Его Светлость взял украшение дрожащими руками и поднес к самым глазам. Лицо просияло:
– Он мой! Лутели, струна – моя! Я никогда не вспыхну! Буду вечным, как и дворец грёз! Благодарю тебя, моя новая гранд-дама!
Девица уже с ненавистью смотрела на Лену.
– Не за что. У меня их два. Второй мне привезла мама из командировки.
– А первый?! Этот? Первый купили у торговца в черных очках? На море? – насторожился мужчина. – Так… который?
– Не помню, – девушка смутилась.
– Значит, два… не слышал… старик, видать, утаил. Что ж, делать нечего, надо проверить… – и вдруг посерьезнел.
Всё еще рассматривая раковины, он потянул их за один конец. Неосторожное движение – и браслет порвался… Ракушки посыпались, и злоба выступила на лице хозяина.
Лутели тихо ойкнула.
– Здесь… не струна! Резинка! Он на простой резинке! – вскрикнул герцог и бросил остатки на пол. – Это второй! Ты обманула нас! Где, где… первый?!
– Он дома.
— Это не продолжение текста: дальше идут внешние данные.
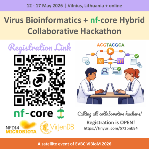 The VirJenDB (NFDI4Microbiota) and the global nf-core community share a commitment to building open-source bioinformatics workflows (for example, in Nextflow) to enable reproducible research. We organize a collaborative hackathon as a satellite event of the International Virus Bioinformatics Meeting 2026. You do NOT have to attend ViBioM to participate in the hackathon. We invite you to join us on 12-17 May online and/or on 17 May in person in Vilnius!
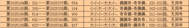 在排列三历史开奖中,第2025184期-第2025188期连续5期奖号为:221-308-514-641-623。
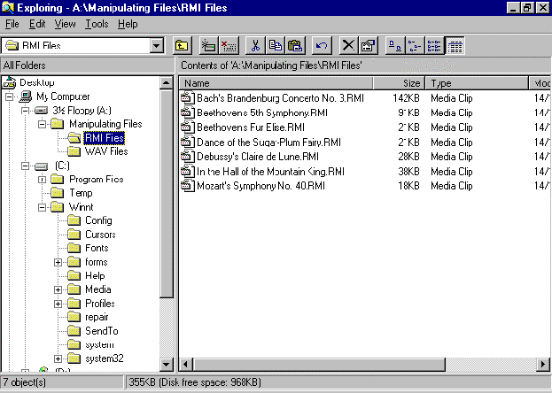 - Click on the folder name WAV Files in the Folders pane to display the contents of the folder in the Files pane. Note that the file Mozart's Symphony No 40.RMI is no longer present.
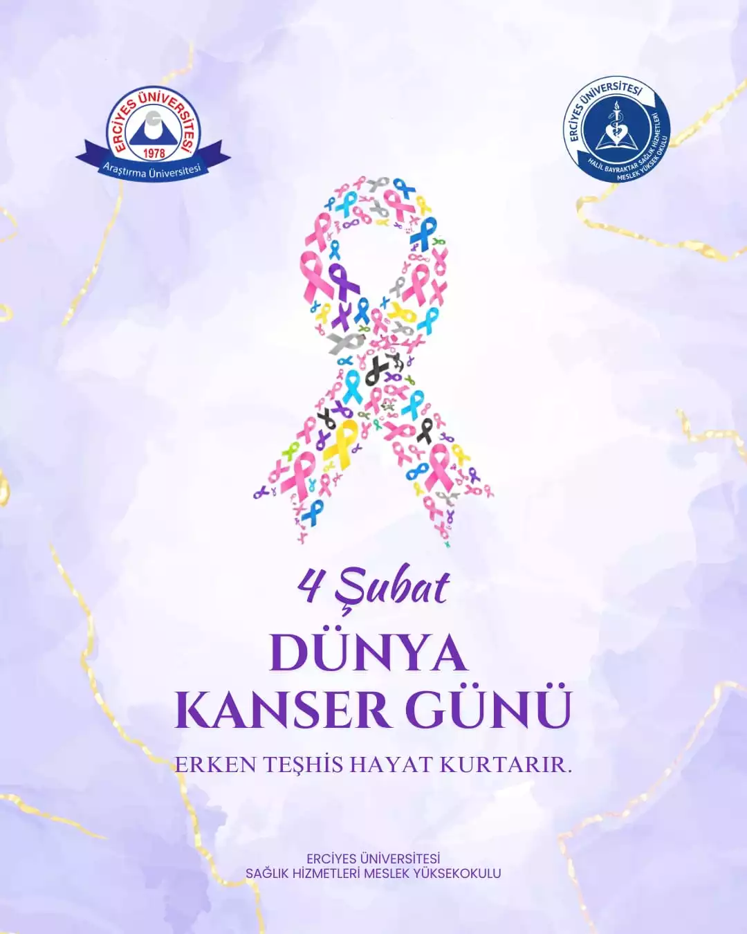 Erciyes Üniversitesi Halil Bayraktar Sağlık Hizmetleri Meslek Yüksekokulu olarak, Dünya Kanser Günü kapsamında toplum sağlığını korumaya yönelik farkındalık çalışmalarını destekliyor; tüm bireyleri kanser tarama programlarına katılmaya ve sağlık kontrollerini ihmal etmemeye davet ediyoruz.
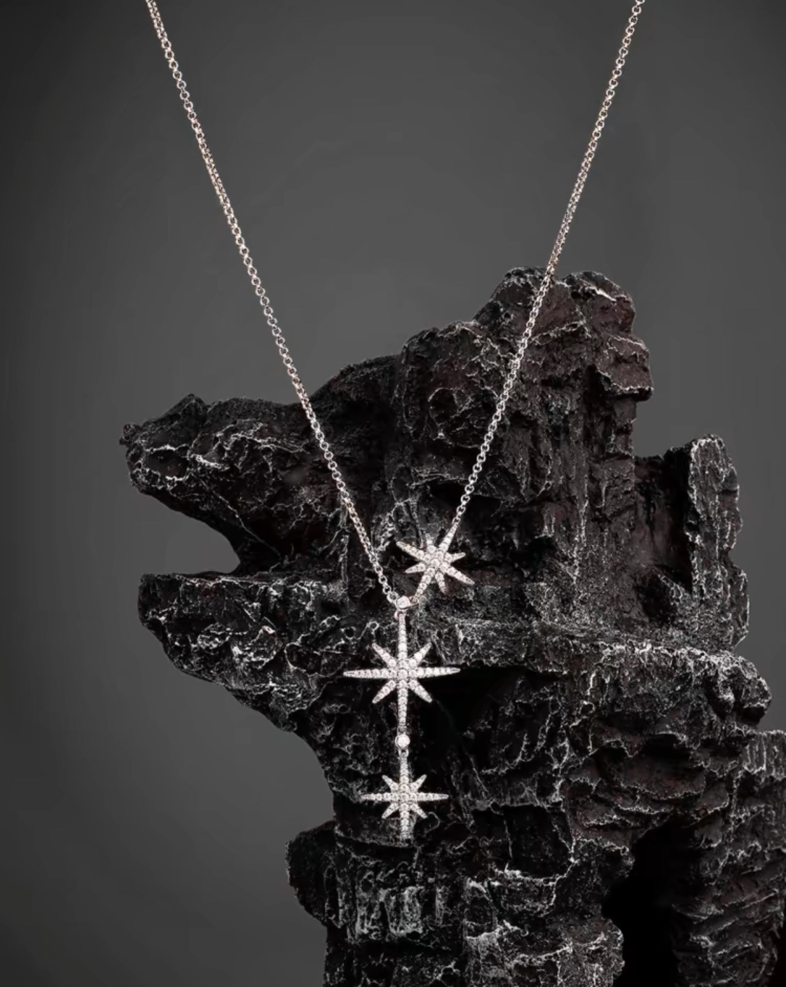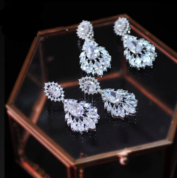 طقم عقد وحلق مرصعة بأحجار الزركون الشبيه بالألماس ومطلي بالذهب الأبيض A11
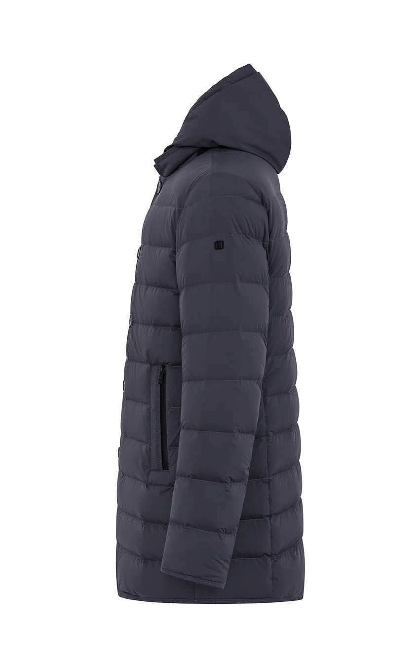 Dit kledingstuk heeft een gestroomlijnde pasvorm met een moderne uitstraling. De jas is uitgevoerd in een gewatteerde stijl met horizontale stiksels die zorgen voor een eigentijdse look. Voorzien van een vaste capuchon en functionele zakken met ritssluiting om persoonlijke items veilig op te bergen. De gestructureerde sluiting is voorzien van zowel een ritssluiting als drukknopen voor extra bescherming tegen de elementen. Subtiel logo op de mouw.
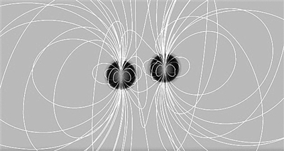 中子星合并模拟图,白色代表磁力线。图片来源:《自然》杂志官网
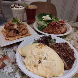 成年冇返香港, 約左港島朋友黎哩度食晚飯, Banchan其實以前都去過佢地分店, 野食唔錯, 不過好多人同限時, 今次黎太古哩間分店雖然係自助形式, 野食餐具清水全部要自己拎, 不過勝力唔限時可以慢慢坐慢慢傾, 而家要搵一個咁嘅地方食飯都唔容易~座位闊落舒服餐具紙巾同水都係自己出去拎野食係自己去收銀度落單, 之後俾個電子籌, 電子籌響就自己出去取餐烤牛肉蛋包飯($98) - 雖然哩度嘅蛋包實際係將蛋放喺飯上面,不過蛋都好滑,烤牛肉好腍冇筋。蛋包飯份量好大份,絕對夠兩個人食。燒醬油黑毛豬白切肉配大醬生菜($182) - 黑毛豬夠厚切醃得好入味,肥瘦適中,生菜新鮮爽脆,包住食冇咁油膩。無骨柑橘炸雞($108/半份) - 第一次食哩個口味,食得出柑橘酸甜味,幾清新都唔錯,下面仲有少少薯條同年糕。提拉米蘇($68) - 同平時嘅tiramisu有啲唔同,係加左紅豆同朱古力碎,質地濕軟都唔錯,估計冇落酒,大人細路都啱。溶化朱古力($42) & 水蜜桃茶($42) - 野飲正常發揮,相對野食性價比冇咁高。哩個價錢哩個質素雖然都有好多選擇, 不過要唔限時真係唔多,所以想同朋友搵個地方可以慢慢食慢慢傾都係唔錯嘅選擇。…查看更多
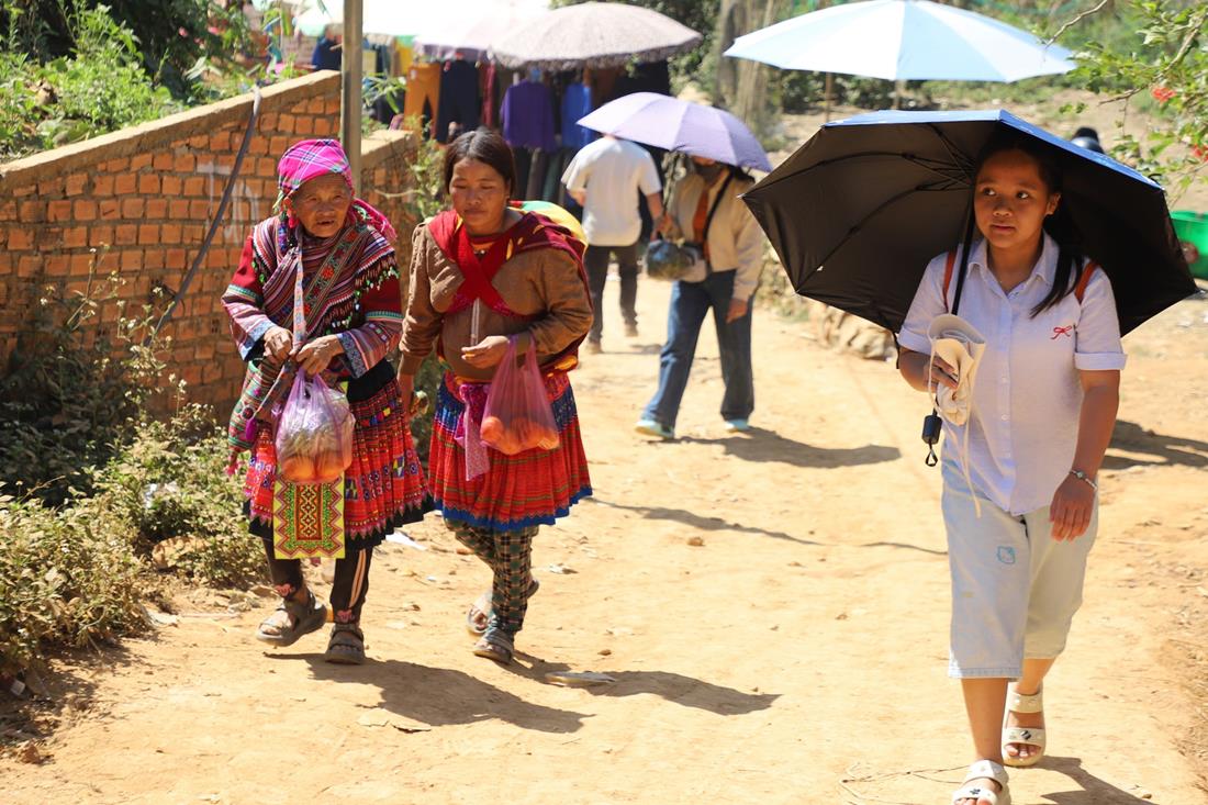 Chị Liều Thị Xa (người địa phương, chủ một sạp quần áo ở chợ phiên) cho biết: “Tôi từng bán ở các chợ phiên khác trong vùng, nhưng khi địa phương xây dựng chợ, vợ chồng tôi đã về đây bán”.
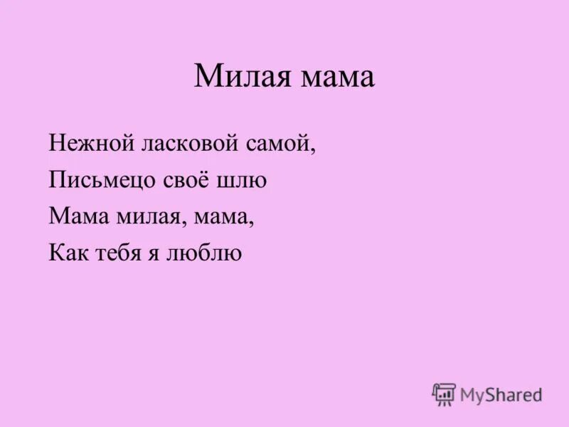 Текст песни милая мама.

На бабушкином трюмо, – ничего не понимая, ответила Лена. Она поднимала ракушки. Только сейчас огорчение вместе с обидой подступило к ней: – Зачем вы это сделали?!
– Обман! Обман! – понеслось по рядам.
– Я… случайно… так получилось… – герцог уже взял себя в руки, но голову повернул, чтобы лицо, не поспевая за разумом, не выдало его чувства.
– Так знайте же! Вы очень огорчили меня! – в глазах гостьи стояли слезы. – Я… я… – девушка вдруг вспомнила слова пажа и, отвернувшись, едва владея собой, достала струну. Легкий щелчок погрузил зал в тишину. Увиденное было совершенно не тем… ожидаемым.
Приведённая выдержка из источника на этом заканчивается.